Да что далеко ходить, в селе Успенка живёт мой родственник дед Шура. Необычный человек: валенки валять, печь сложить, технику наладить – нет лучше его, везде первый. Но главное его достоинство – знает преданий, легенд о родном крае столько, что лет десять будешь слушать, а им конца нет. А сказитель какой! Ему С.Т. Аксакова, А.С. Пушкина в слушатели – сколько книг, прославивших Оренбургский край, могли прочитать детишки и их родители. А польза-то от этого какая! Может, и жизнь добрее была. Слушаешь такого гения русского слова, и, кажется, становишься свидетелем, а, может быть, и соучастником событий «старины глубокой». И нет ничего в этом особенного. Мои корни – это люди, живущие или жившие когда в моём родном селе. Они передавали любовь к родной земле от поколения к поколению. И во мне есть частички душ моих предков. Да что далеко ходить – вот тётка Фёкла. Каждый мог бы гордиться родством с этой уникальной женщиной.

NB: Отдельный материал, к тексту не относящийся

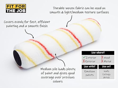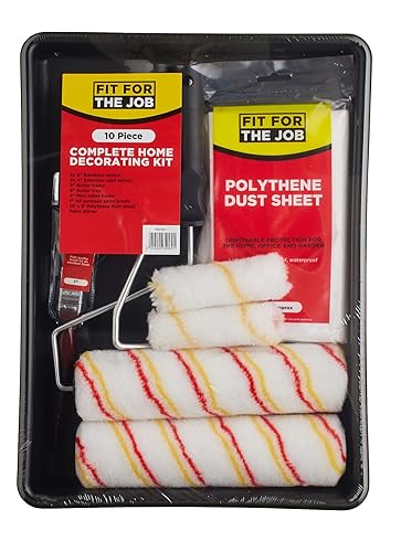 Fit For The Job 10-teiliges Heimdekorationsset, Farbroller- und -wannen-Set mit Pinsel, Staubschutzfolie, Rührer – Rollenset sowie Mini-Roller zum Auftragen von Dispersionsfarbe an Wänden und Decken

Появилась тётка Фёкла в селе нежданно-негаданно. Жил в Успенке мужик Харлампий. Считался крестьянином средней руки: и дом добротный поставил, и две коровы, овец, штук десять наберётся, а кур – не сосчитать. И, главное, всё это состояние нажил своим горбом. Никто не мог вспомнить его пьяным или лежащим на печке в горячую страду. Многие молодухи заглядывали на него. Только замуж не шли. Есть причина: Харлампий был вдовцом и воспитывал трёх ребятишек. А какой молодой женщине или девушке нужны чужие детки. Вот и жил наш герой без хозяйки в доме, что наложило отпечаток угрюмости и замкнутости.
Если вы помните, я говорил, что Харлампий не сидел на воде и хлебе. Был у него и излишек, который периодически вывозился на ярмарку в село Александровку. Ну, скажу я вам, и всполошились наши бабыньки, когда увидели рядом с «завидным женихом» в возке девушку. Не успели опомниться местные невесты, а уж и колокола приглашают на венчание.

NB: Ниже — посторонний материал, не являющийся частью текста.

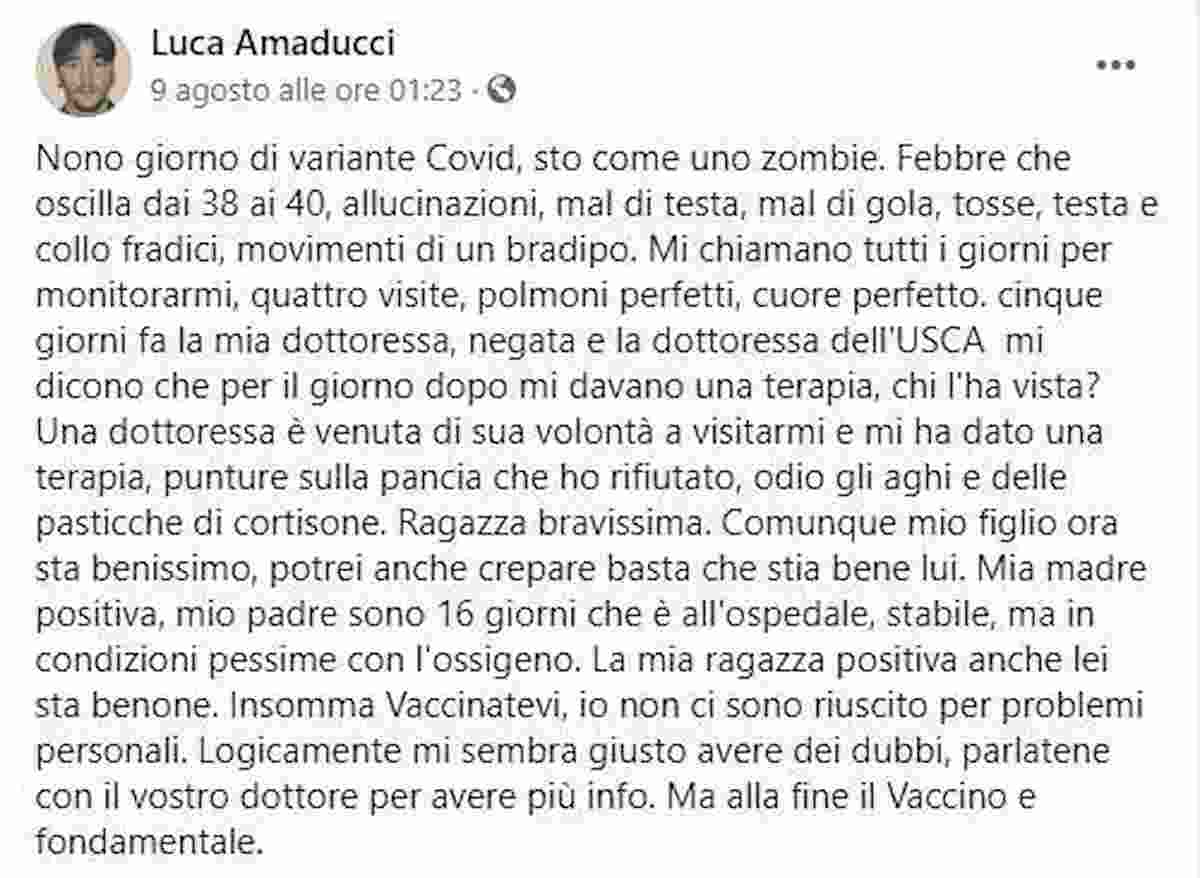 Luca Amaducci, l'appello a vaccinarsi scritto su Facebook

Молодожёнку 18-ти годков в селе сразу стали тёткой Фёклой величать. Подстать своему мужу: работница первая на селе. Ребятишки маменькой зовут. Односельчане и представить себе уже не могли свою жизнь без разумных советов, звонкого смеха, песен сердечных тётки Фёклы, без её косы пшеничного цвета, туго лежащую короной на голове и озорных кудряшек на лбу.
Вы, наверное, пожимаете плечами, мол, что тут особенного, где же ожидаемое? Не торопитесь. Как говорит дед Шура, хочешь, чтобы к сердцу легло, делай всё без суеты, размеренно.
Дело шло своим чередом. За окном на дворе пора ягодная. Бабы и ребятишки взялись за лукошки: ягоды и грибы домой к себе несут – есть с чем зимой пироги печь, чай пить. Слава, Богу, щедра наша Земля-Матушка: земляника, дикая малина, репис, сыроежки.
День, когда мы возвращаемся к семье Харлампия, ничем особенным не отличается от других. Замычали коровы, говоря: «До свидания, до вечера, хозяюшки!» Потянулось стадо за околицу, на травушку, на солнышко погреться. За скотиной т рабочий люд в поле отправился. Вот черёд и ребятишкам в сырт, в лощины бежать.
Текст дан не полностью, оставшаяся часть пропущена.